What was William Cragh hanged on?

Ƥǿşŧḗḓ ƀẏ: hwebster 6 years, 9 months ȧɠǿ

Two words are used by the witnesses to describe the scaffold on which William Cragh was hanged, both of which can mean gallows or gibbet. However, ‘furcis’ and ‘patibulum’ are also commonly translated as being a two pronged fork, yoke, or farm implement made from wood, a prop, or a y shaped frame used for carrying things. This question over the translation has engaged me for months, and I have been trying to read up on what a medieval gallows would have looked like.

The breakthrough came a week ago at our team meeting at Kings College when Paul was showing us how the Early English Laws website digital editions worked - and there it was. The header image on the home page had an image of a man being hanged on a gallows with two uprights, both ‘y’ shaped or forked.

This then explained the possible meanings of the words ‘furcas’ and ‘patibulum’. These common farming implements were evidently put to an alternative use when needed in locations where there was not a permanent scaffold in place as the uprights for a gallows, the structure being completed with the frequently referred to cross-beam.

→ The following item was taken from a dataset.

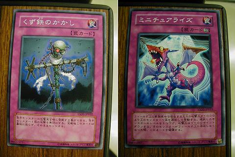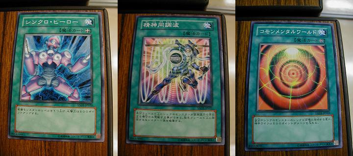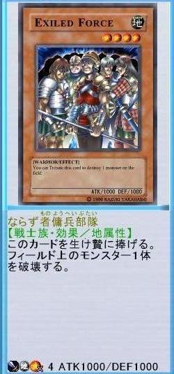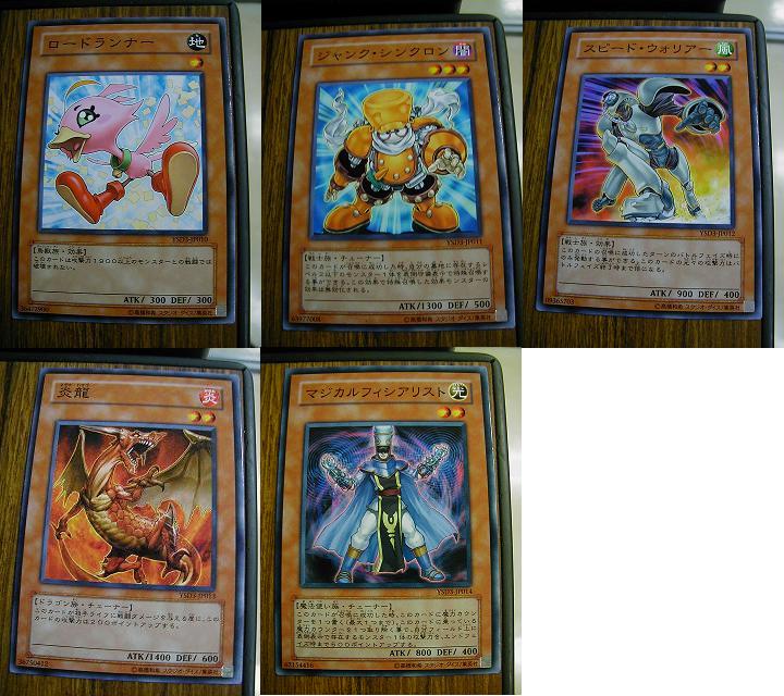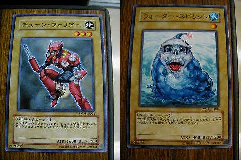遊戯王 ファイブディ-ズ スタ-タ-デッキ その他 2008年03月23日 さて以前書きましたがシンクロモンスタ-とそれに関するカ-ド紹介。まずはシンクロモンスタ-《ジャンク・ウォリアー》 シンクロ・効果モンスター星5/闇属性/戦士族/攻2300/守1300「ジャンク・シンクロン」+チューナー以外のモンスター1体以上このカードがシンクロ召喚に成功した時、このカードの攻撃力は自分フィールド上に表側表示で存在するレベル2以下のモンスターの攻撃力の合計分アップする。《大地の騎士ガイアナイト》シンクロモンスター星6/地属性/戦士族/攻2600/守 800チューナー+チューナー以外のモンスター1体以上《ギガンテック・ファイター》シンクロ・効果モンスター星8/闇属性/戦士族/攻2800/守1000チューナー+チューナー以外のモンスター1体以上このカードの攻撃力は墓地に存在する戦士族モンスターの数×100ポイントアップする。このカードが戦闘によって破壊され墓地に送られた時、墓地に存在する戦士族モンスター1体を選択し自分フィールド上に特殊召喚する事ができる。つづいてチュ-ナ-(通常モンスタ-)《チューン・ウォリアー》 チューナー(通常モンスター)星3/地属性/戦士族/攻1600/守 200あらゆるものをチューニングしてしまう電波系戦士。常にアンテナを張ってはいるものの、感度はそう高くない。《ウォーター・スピリット》 チューナー(通常モンスター)星1/水属性/水族/攻 400/守1200古代南極大陸の永久凍土にて生命が宿ったと言われる氷水の精霊。様々な物質に浸透する事ができる。同じくチュ-ナ-と新規カ-ド(効果モンスタ-)《ロードランナー》 効果モンスター星1/地属性/鳥獣族/攻 300/守 300このカードは攻撃力1900以上のモンスターとの戦闘では破壊されない。《ジャンク・シンクロン》 チューナー(効果モンスター)星3/闇属性/戦士族/攻1300/守 500このカードが召喚に成功した時、自分の墓地に存在するレベル2以下のモンスター1体を表側守備表示で特殊召喚する事ができる。この効果で特殊召喚した効果モンスターの効果は無効化される。《スピード・ウォリアー》 効果モンスター星2/風属性/戦士族/攻 900/守 400このカードの召喚に成功したターンのバトルフェイズ時にのみ発動することができる。このカードの元々の攻撃力はバトルフェイズ終了時まで倍になる。《炎龍》 チューナー(効果モンスター)星2/炎属性/ドラゴン族/攻1400/守 600このカードが相手ライフに戦闘ダメージを与える度に、このカードの攻撃力は200ポイントアップする。《マジカルフィシアリスト》 チューナー(効果モンスター)星2/光属性/魔法使い族/攻 800/守 400このカードが召喚に成功した時、このカードに魔力カウンターを1つ置く(最大1つまで)。このカードに乗っている魔力カウンターを1つ取り除く事で、自分フィールド上に表側表示で存在するモンスター1体の攻撃力を、エンドフェイズ時まで500ポイントアップする。シンクロ召喚を助けるサポ-トカ-ドと新規カ-ド(魔法及び罠)《シンクロ・ヒーロー》 装備魔法装備モンスターのレベルを1つ上げ、攻撃力は500ポイントアップする。《精神同調波》 通常魔法自分フィールド上にシンクロモンスターが表側表示で存在する場合のみ発動する事ができる。相手フィールド上に存在するモンスター1体を破壊する。《コモンメンタルワールド》 永続魔法自分がシンクロモンスターのシンクロ召喚に成功する度に、相手ライフに500ポイントダメージを与える。《くず鉄のかかし》 通常罠相手モンスターの攻撃宣言時に発動する事ができる。相手モンスター1体の攻撃を無効にする。発動後このカードは墓地に送らず、そのままセットする。《ミニチュアライズ》 永続罠フィールド上に表側表示で存在する元々の攻撃力が1000より上のモンスター1体を選択して発動する。選択したモンスターのレベルを1つ下げ、攻撃力は1000ポイントダウンする。そのモンスターがフィールド上に存在しなくなった時、このカードを破壊する。そしてカ-ドテキストが訂正された例《ならず者傭兵部隊》効果モンスター星4/地属性/戦士族/攻1000/守1000このカードをリリースして発動する。フィールド上に存在するモンスター1体を破壊する。以上が新ル-ルにおいて使用されていくカ-ド達。もうすぐ発売される第6期のブ-スタ-が発売されればリアルOCGの大会等においてもこれらのカ-ドが見られるようになるでしょう。オンラインに適用されるのは一年は先かな。ではこれにて。

But the picture explained even more of the details of the hanging, as reported by the witnesses. Firstly, after the cross beam breaks and William and Traharn are hanged for a second time, the witnesses describe how they are strung up again, one from each of the remaining arms. If the tops of the gallow’s uprights were forked as this illustrations shows, then it would have been both logical and practical for them to be hanged from these.

Secondly, the nature of Traharn’s hanging, (which was reportedly the reason for the beam breaking,) is also made clearer. The witnesses say that the rope by which he was hanged was thrown over the cross beam, and he was heaved up sharply. The beam then broke because he was apparently a large and heavy man. While I did not doubt that Traharn could have been hanged in this way, seeing the manuscript illustration made it clearer that this was indeed a standard way of doing so.

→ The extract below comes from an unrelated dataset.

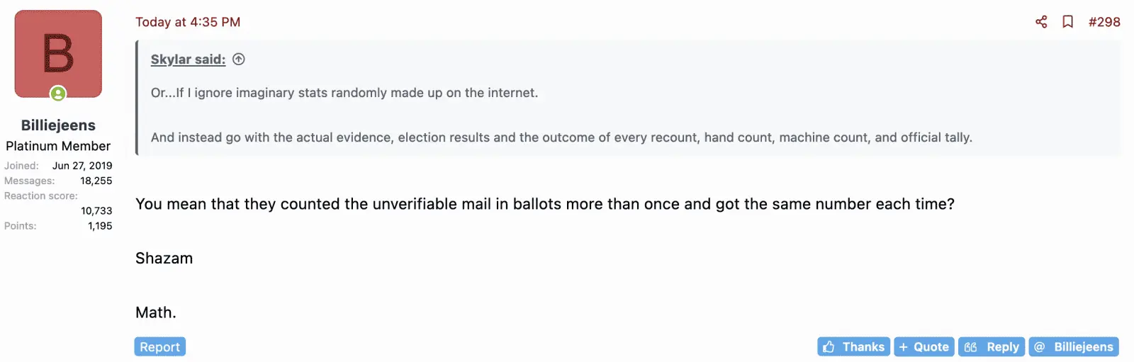 Translation: clean audit would blow doors off 2020, 2022.The obligation is on YOU to prove your imagination. Not on Hobbs or anyone else to disprove whatever you make up.

A further search for ‘gallows’ in the British Library’s manuscript image database has corroborated this structure, which is excellent news, not least because I have at last been able to settle on my translation of ‘furcas’ as ‘gallows’ and ‘patibulum’ as ‘gibbet’.

Could this image of a criminal being hanged taken from BL MS Royal 6 EVI fol.444 be what our William Cragh was hanged on?